Tackling Big Data Challenges with Linked Data
Big Data is a deceptively simple term — it immediately implies “large amounts of data”, which is true but not the whole picture. Categorising data as “big data” using size alone can be difficult, as what is perceived as large amounts of data depends on whether you are speaking to someone like Amazon or a small business owner. It is easier to think of Big Data as data which is too much for traditional data storage and querying methods to handle. This includes data which changes rapidly, varies wildly, and may be inconsistent. Any combination of these aspects is enough to qualify a dataset as Big Data.

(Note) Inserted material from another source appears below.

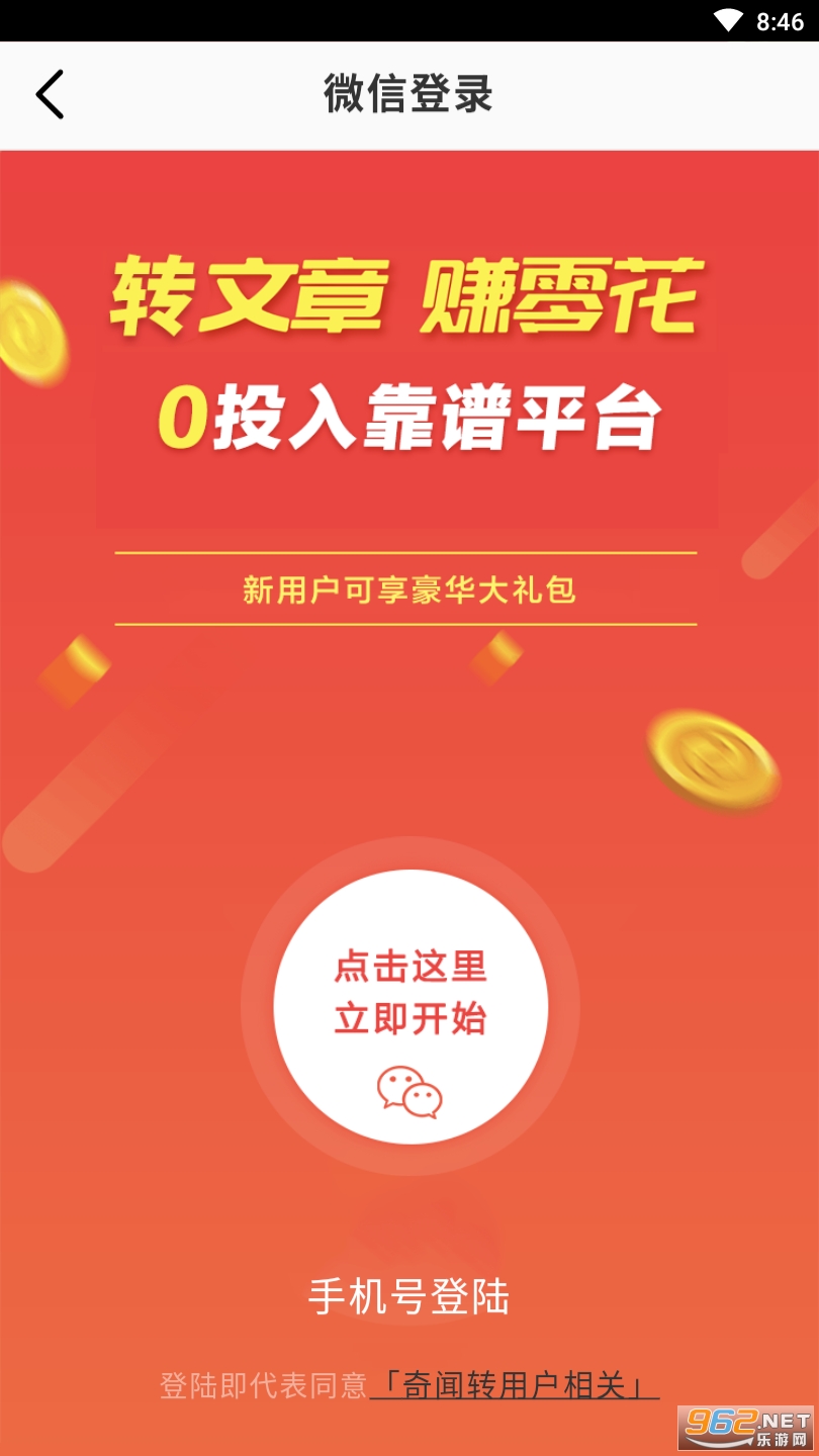 1、通过点击顶部的“立即下载”进入奇闻转app下载页面,根据提示下载安装后一键登录并绑定手机号即可

More and more data is becoming available which companies can use to optimise business processes, predict trends or aggregate to understand their customers. Unfortunately, this data is often stored in isolated data silos due to the vast number of data sources and convoluted data governance. Different departments subsequently arrive at vastly different conclusions as they can only see a subset of data without any additional context. Data integration is therefore a critical challenge for companies that wish to make well-informed business decisions.
The Semantic Web
The semantic web makes it easy to find, share, reuse and importantly combine information. The relationships between data and real objects are recorded in a common language to create a mesh of information that can be processed by machines on a global scale. Tim Berners-Lee identified the seven layers in the semantic web which defined the architecture as follows:
The semantic web uses Unicode as the data format which is used to mark a resource on the web. Unicode is responsible for handling the encoding of the resource while the URI is responsible for resource identification. XML is a streamlined standard markup language that combines the richness of the standard markup language with the usability of HTML. XML is machine readable and simplifies data sharing, transport, availability and platform changes.

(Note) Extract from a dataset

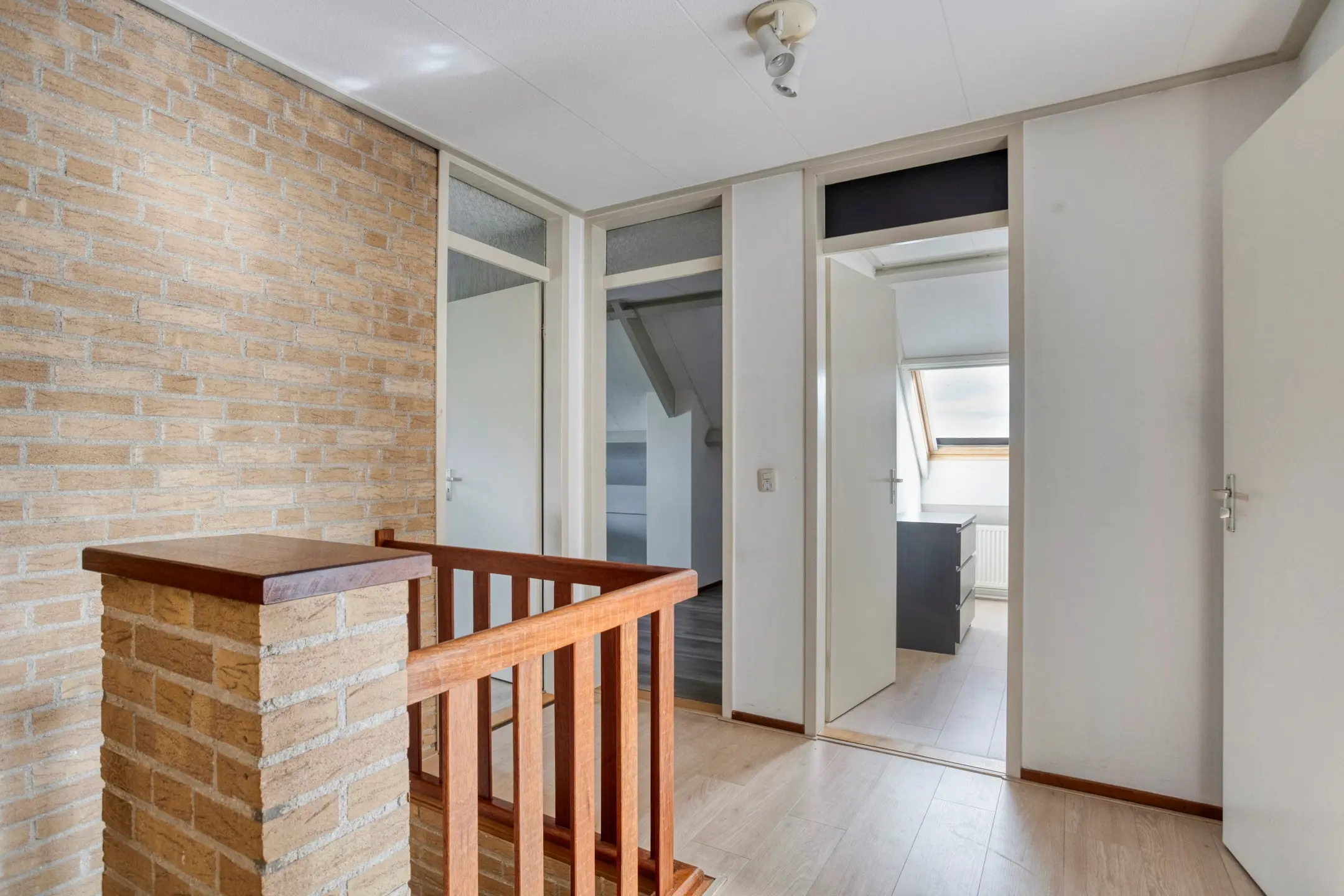 Een vaste trap gelegen in de entree leidt naar de eerste verdieping, waar u terechtkomt op de overloop. De vloer is afgewerkt met laminaat, de wanden zijn afgewerkt met schoonmetselwerk en het plafond is afgewerkt met plafondplaten.

RDF is that data modelling language which all semantic web information is stored and represented in. This language connects the information using RDF Triples to form a directed, labelled graph such as the one shown below:
In this graph we have a collection of many RDF Triples, one of which is (http://...isbn/000651409X, a:title, The Glass Palace). Without the RDF language, datasets are difficult to combine due to the fact that the data is not represented in a common language. However, this common language allows an easy integration as further datasets can be attached from infinite sources to form an information web as shown below:
The full context of data can be found by traversing the web of linked data, ensuring business decisions are based on all of the available data.
The semantic web is an important characteristic in what is being called “Web 3.0”. While it was not created for big data, the development of semantic web technologies has been proven to solve many of the limitations that arise when using traditional methods to tackle Big Data challenges. Ontologies have been created to standardise the representation of medical data. Alzheimer’s disease for example requires information from many disciplines including: neurology, neuronal physiology, psychiatry, microscope anatomy, genetics, bioinformatics, biochemistry and molecular biology so it is vital to enable researchers to easily analyse data over multiple sources. Semantic web technologies RDF, SPARQL and OWL are being used in pursuit of this goal. Aeronautical researchers are similarly using these technologies to combine their data but commercial uses are also prevalent. The BBC was one of the first organisations to utilise linked data as they could not maintain all of their site pages. In 2009 they had almost 8 million track pages, that had to be up to date, which could not have been handled without the use of linked data. Now, almost a decade later, the BBC still utilises the same technologies to manage their ever growing expanse of information. The semantic web has also been used to combine electrical power data that was used to create the smart grid ontology. This is not only used to analyse and resolve power outages, but to enhance electrical power security as anomalies can be identified more accurately.
While Big Data means that more data than ever is being collected and analysed, the unstructured and unrelated nature of these datasets makes cross-referencing across this data near impossible, which limits their potential. The relationship between Big Data and the semantic web is best exploited when the data is stored as RDF data, which will guarantee that the exponential growth of global data will be an asset rather than a burden.
In future posts I plan to dive into the RDF query language called SPARQL and how Wallscope has used these technologies to help businesses find, share, reuse and combine their data.